Avatar is being defended with some of the same backhanded compliments which I remember hearing re Signs: “enjoy the experience, don’t nitpick the details.” Unfortunately, that approach doesn’t work for me, because I can’t not do that, so I’m unable to suspend disbelief if the story’s rivet-count is off. A writer who is willing to spend the extra time can fix plot holes and create believable characters, thus making the “wonder” in the story accessible to both rivet-counters and non-rivet-counters. Aliens-era Cameron was actually willing to do that.
Indifferent is the best word I can think of to describe the writing. The characters are so blah that I actually got bored during the fights between mechs, helicopters, Smelves (Smurf Elves), and dragons. The most damning evidence is the fact that I wasn’t offended by the insipid “white people, technology, and the military are evil” horseshit. There’s not much I enjoy more than being enraged by hippies, so my non-reaction to that means the movie was thoroughly inert and soulless.
**Please Note: I don’t begrudge anyone else their enjoyment of Avatar (seriously, if you spent money on it, you deserve to get what you paid for).
This analysis is interesting. Shorter than Red Letter Media’s Star Wars reviews (only 2 parts), and I think they only cut away from the analysis once or twice, but it was worth it for the answering machine message from the Department of Cultural Guilt.
She gets hired to play marines and cyborgs, despite a lack of Heroic presence?
Ugh. I guess he wouldn’t be an annoying Bond, just boring.
Each has good looks of that particular bland quality that allows viewers to imagine that they are watching someone else, to project another image on to the face. Jameson becomes the girl you had a crush on way back when; Worthington becomes you.
Yes, this, definitely. HTTYD’s first flight scene is more awe-inspiring than anything in Avatar, primarily because it concerns characters you actually care about.
I thought we’d long since established that Pandora was the star of Avatar, and that the characters were the scenery.

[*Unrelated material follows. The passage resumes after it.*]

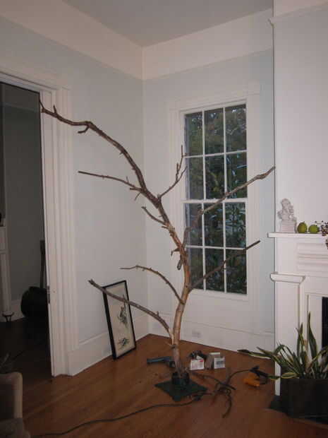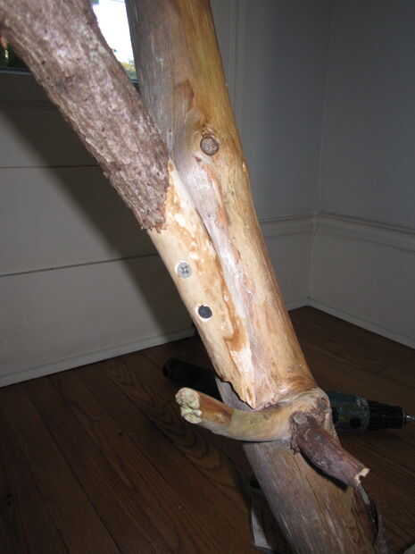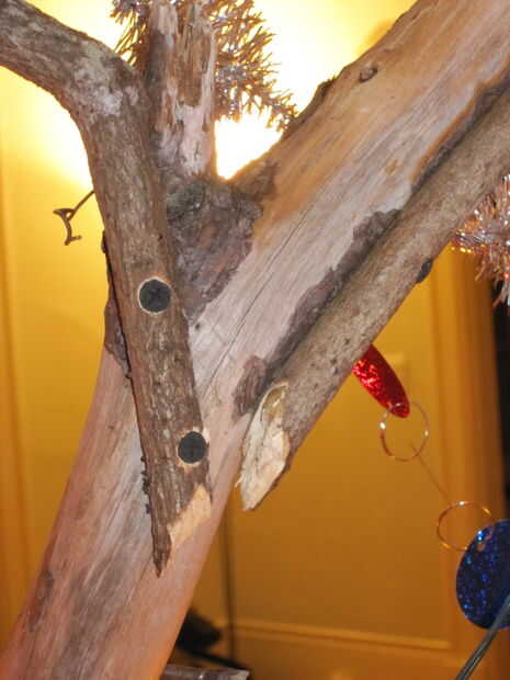 Después de montar la cañería "tronco" es hora de añadir las ramas. Aquí está donde entran los ojos extras para jugar. Comienzo con la más grande una persona mueve la rama hacia arriba y abajo o alrededor del "tronco" hasta el ok de los ojos extras. No tenga miedo de cambiar ramas si no puede hacer que funcione. Puede que necesite hacer un corte en el extremo de la rama por lo que será fácil atar, o puede pasar Compro la parte de atrás y atorníllelo de esa manera. Usé un poco de avellanado para que la madera no se dividiría.

A curious inversion that I doubt worked as well as Cameron had hoped.
Oh who am I kidding, he probably thinks it turned out awesome.
Eh… this is a weird position to have…
Is the grand canyon going to be more stunning and visually inspiring to me if I am there with someone I care about, or if I go with a tour group? It is the same either way.
I loved HTTYD but Avatar was definitely more visually spectacular. Though, I did prefer the dragon character designs to the scary flying bird things in avatar.
What, you’ve never had someone else’s enthusiasm infect you? Or have some grouchy bastard ruin the mood? Who you’re with is going to affect you at some level, even is the scenery is the same.
Likewise, if you’re engaged with the characters in a movie, the way they feel in a particular scene is going to affect how the scene plays for the audience. Doesn’t seem weird at all.